I saw a lack of catechesis in those distracted faces. No one knew why he or she was there. Since 1970 there has been a dearth of catechesis to the “faithful.” Certainly very, very little from the pulpit. Ninety-nine percent of the sermons I hear are on some variation of “being nice.” I have never heard a sermon on the Church’s teaching on abortion, homosexuality, or any non-liberal cause (I did hear one on why the death penalty should be abolished).

It has been written that America worships a religion called Moralistic Therapeutic Deism. Go ahead, google it. What it means, basically, is that we want a religion that only demands we feel good about ourselves by being nice. The “deism” part is a non-personal God who demands nothing too strenuous of us.

We also are in full communion with Mammon. Mammon, meaning wealth or the pursuit of it. For who would dress in their best pair of jeans to go on a job interview? How many of us are too tired from a week of work to attend Mass on a precious day off? How many of us spend more annually at amazon.com than contribute to the Church or a charity?
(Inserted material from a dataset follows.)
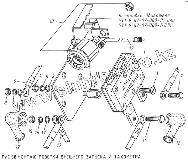 Каталог запасных частей к технике: КМЗ МКСМ-800. Монтаж розетки внешнего запуска и тахометра
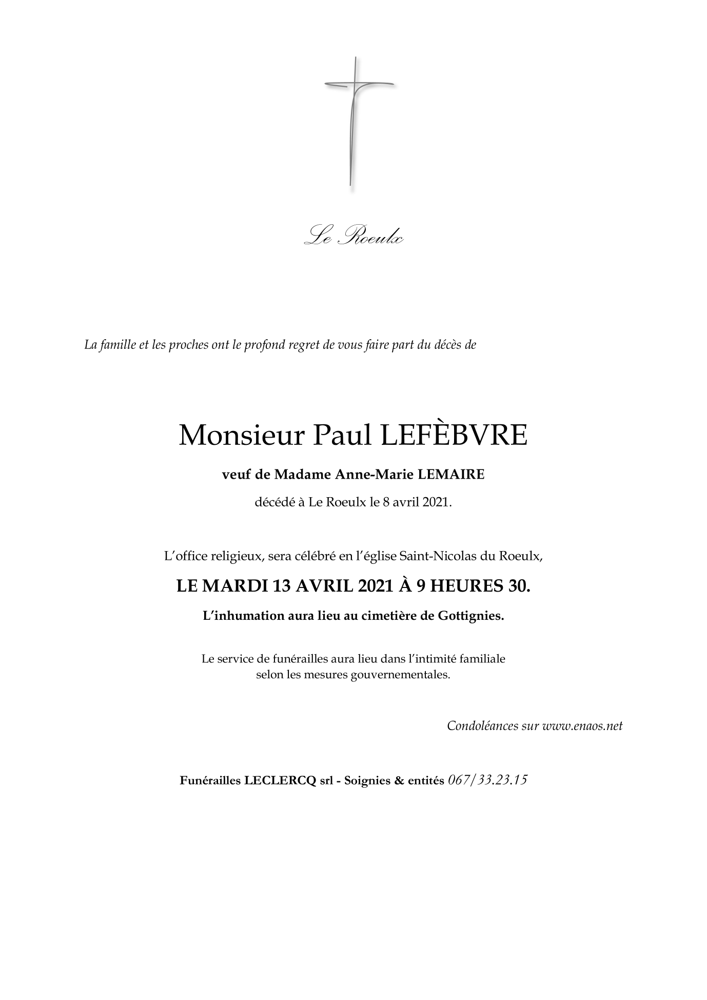 Monsieur Paul LEFÈBVRE

Additionally, we commune with the god Athletica. Who would willingly allow our children to miss a practice or miss one of their games? Who would willingly allow our children to be late to a practice or game? Or allow distractions? How come I never see the coaches of both teams allow younger siblings on the field to play with them in a “Family Game”?

What is important to us? Work? Sports? Or worship of the True God?

Now, I admit, though I believe the truth of Catholicism, I disavow the current regime in the Vatican. I disavow the implementation of Vatican II. I disavow the “weaponized ambiguity” of the documents of Vatican II that allows such sillinesses as Clown Masses, Pachamamas, and Family Masses. And so, apparently, whether consciously or not, so do millions of others. Google any statistics on the numbers of Catholics, Catholic marriages, Priests, and Religious Orders, and you’ll see the downward trend. Since 1970 and the “reforms” after Vatican II, the Church has been in freefall.

This “Family Mass” is but one of many, many, many symptoms, and as the years go by and the numbers of faithful decline, nothing ever changes.